User Guide for ESPRI Data services
The primary purpose of the ESPRI data repository is to serve the scientific and academic community. ESPRI provides access to various observational datasets and numerical simulations for IPSL laboratories and their partners through a central data repository infrastructure. Data analysis can be easily facilitated with HPC computing facilities. ESPRI centralizes many data products of interest to the Earth science community, such as climate model simulations, satellite products, ground-based datasets, operational analyses and forecasts, reanalyses, and more.
This document presents a « quick-start » guide to introduce users to ESPRI data and services. Additional details can be found in the ESPRI data management plan if needed.

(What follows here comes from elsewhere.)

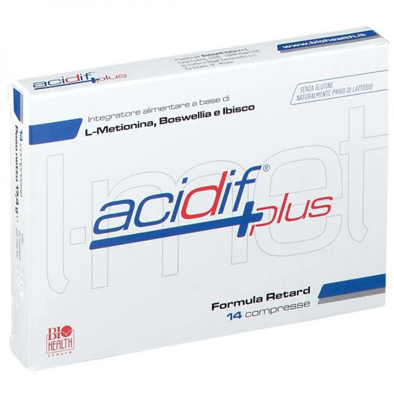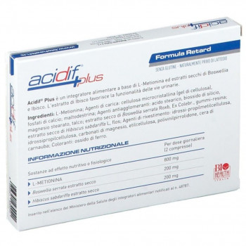 Integratore alimentare a base di L-metionina, di estratto secco di fiori di Ibiscus sabdariffa (UTIROSE - Burgundy) e di estratto secco di foglie di Boswellia serrata (AKBAMAX) titolato al 10 % in acidi acetil cheto beta boswellici (AKBA). Grazie ai suoi componenti, aiuta a favorire la corretta funzionalità dell’apparato urinario, creando condizioni sfavorevoli allo sviluppo e alla proliferazione batterica. Acidif plus si presenta in compresse retard gastroprotette a cessione graduale. Ciò ottimizza la tollerabilità e garantisce un rilascio costante nel tempo dei suoi componenti.

We offer different data services to the scientific community, as described below. For certain services, it’s necessary to create an account on the ESPRI mesocentre.
Data discovery and access facilities depend on the type of data and user profiles. Users with access to ESPRI computing center resources can benefit from advanced data access interfaces or direct access to the file system hosting the data trees.
Once connected via SSH to the Spirit/X clusters, you have access to all the community data centralised in the /bdd root directory.
Depending on the dataset, an embargo period can be set up to restrict access to a specific group of users. In this case, specific authentication and authorizations are set up to filter access through Unix permissions. The duration of the embargo period is defined according to the rules of the governing institutions. If an embargo period is established, it typically lasts 6 months to restrict access to principal investigators. It then extends to scientific partners for between 6 months and up to two years after data acquisition, and then opens to the public after that.
ESPRI provides access to resources through a JupyterHub that is focused on research activities, including:
- the Pangeo suite
- access to ESPRI data catalogues.
- job submission on SpiritX cluster.
intake is a lightweight set of tools for loading and sharing data in data science projects through Python environments.
It helps you to:
- Discover data by being agnostic to its storage location and archive organisation.
- Load data from a variety of formats into containers such as Pandas dataframes, Python lists, NumPy arrays, etc.
- Describe and store datasets in catalogue files for easy reuse and sharing between projects and with others.
- Get native aggregations on different dimensions (time, members).
For the moment, this catalogue only serves climate simulation data and can be accessed via the following path: /bdd/intake-catalogs/cmip-cordex.yml
Data and workspaces directory structure
Each user has by default 3 workspaces on each cluster on IPSL-X or IPSL-SU:
- Home user workspace for sources, executables, etc.
- $HOME, or /home/$USER directory
- User data directory for your own small datasets, intermediate data, test, etc.
- /homedata/$USER/ (on MESO IPSL-X )
- /data/$USER/ (on MESO IPSL-SU)
- Scratch Folder : for temporary file, models checkpoints, data reorganisation.
- /scratchu/$USER/ (on MESO IPSL-SU)
- /scratchx/$USER/ (on MESO IPSL-X )
|Mesocentre IPSL –X (SPIRITX)
|32 Go (300 000 files)
|1 To (300 000 files)
|2 To (300 000 files)
|Mesocentre IPSL-SU ( SPIRIT)
|32 Go (300 000 files)
|1 To (300 000 files)
|2 To (300 000 files)
To find out the occupancy rate of your disk space, use the “quotas “command.
Data directories on /bdd
The community data centralised in the root directory /bdd (e.g base de données) are databases managed entirely by ESPRI, which is responsible for maintaining the storage space and the data.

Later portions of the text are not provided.